Monday 25 June 2012

CASSADAGA

CONTAINS SPOILERS, BUT YOU KNEW I WAS GOING TO SAY THAT

I didn't attend Frightfest in Glasgow earlier this year, so I missed their screening of this mixture of ghosts, spiritualists, serial killers and self-inflicted castration that, to be frank, doesn't work but has a couple of decent moments and at least it never gets boring thanks to a wealth of incident. It's yet another entry in the After Dark stable of low-budget horrors, and while it's slightly better than the likes of Seconds Apart or Prowl, it's ultimately a bit of a mess and there are only one or two occasions where you feel the urge to look away as something scary might happen. That's really not enough when a film like Insidious can have you peeking through your fingers for most of the first hour.
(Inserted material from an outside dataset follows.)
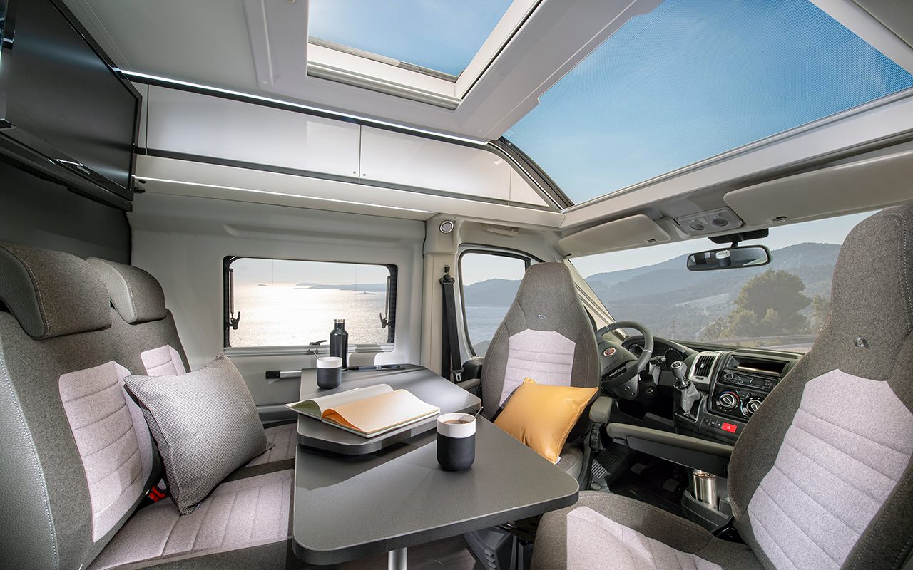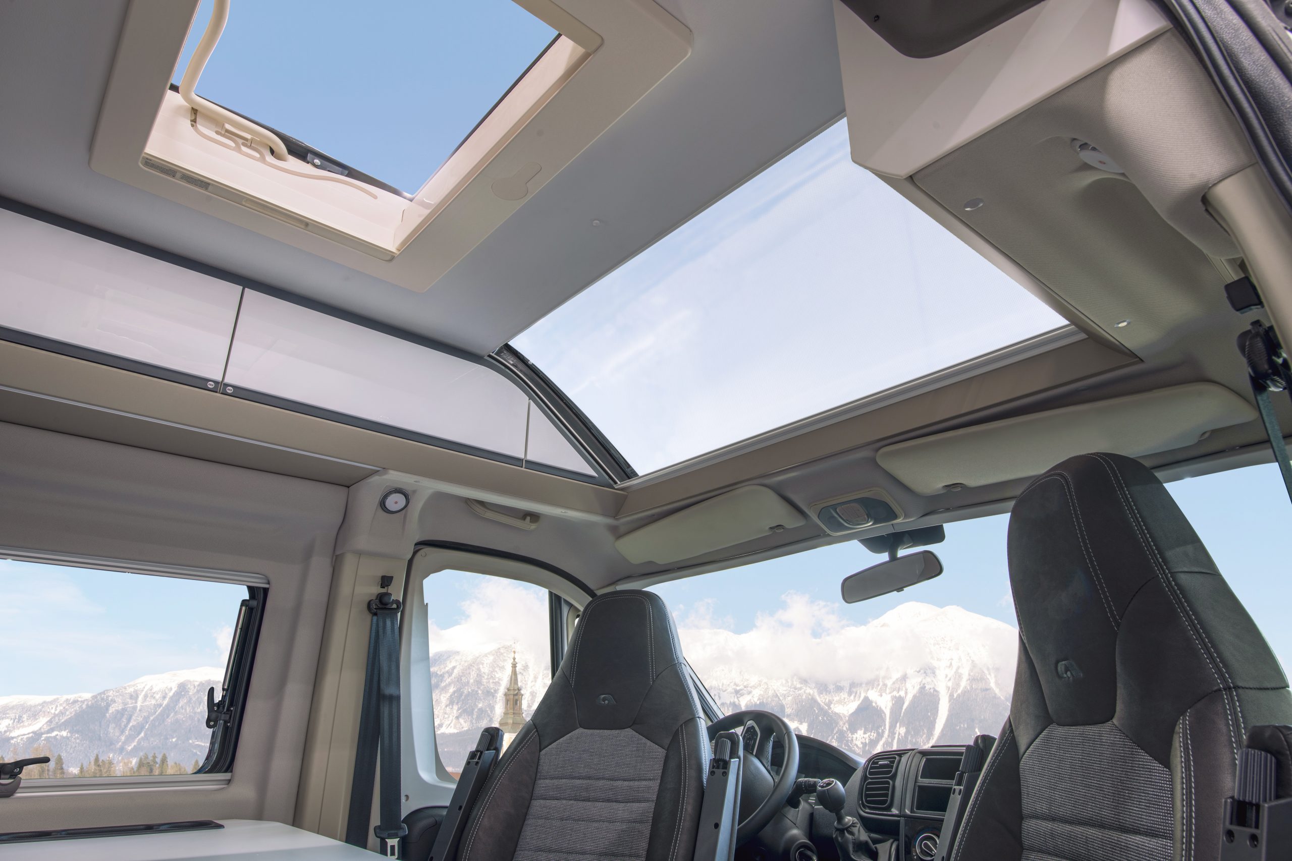 - Adria Exclusief SunRoof met panorama venster. Optioneel XL SunRoof.

Cassadaga is an actual place in Florida, and it is still billed as the Psychic Capital Of The World, although according to Wiki it's an "unincorporated community" rather than a university town. But it's where deaf art teacher Lily (Kelen Coleman) retreats to following the death of her kid sister in a car accident. She attempts to contact her at a seance, but another vengeful spirit comes through instead and latches on to Lily until she can solve the mystery of how she died. Sadly, from then on it's a series of freakouts, dream sequences, bursts of subliminally glimpsed clues and sneaking round a vast Southern mansion occupied by just two people but which makes Southfork look like a cluster house. And what's it all got to do with the (frankly very unsettling) pre-credits sequence in which a teenage boy cuts his wang off in front of his horrified mother?

What the mysterious mad killer is doing with kidnapped girls in his/her secret lair is admittedly genuinely horrible and nasty, but it's never explained why he/she only appears to strike every four years (certainly no mention is made of anyone else disappearing from the area). To be honest it would probably have been better if they'd ditched that aspect entirely and just concentrated on the one victim, and maybe racked up the suspense by bunking up the roster of suspects, as the murderer's identity isn't that hard to guess from such a very short list.

Cassadaga isn't terrible: it's never dull and it doesn't play for laughs, and the characters all have a bit of backstory and life experience to make them slightly more interesting than the empty plastic teens of too many cheap horror movies. But even in the scenes in the maniac's hideaway it never gets truly creepy or unnerving, and for the most part the film doesn't have anything like enough in the way of tension, which is a shame. The result is that it's pretty ordinary, pretty average, and pretty forgettable.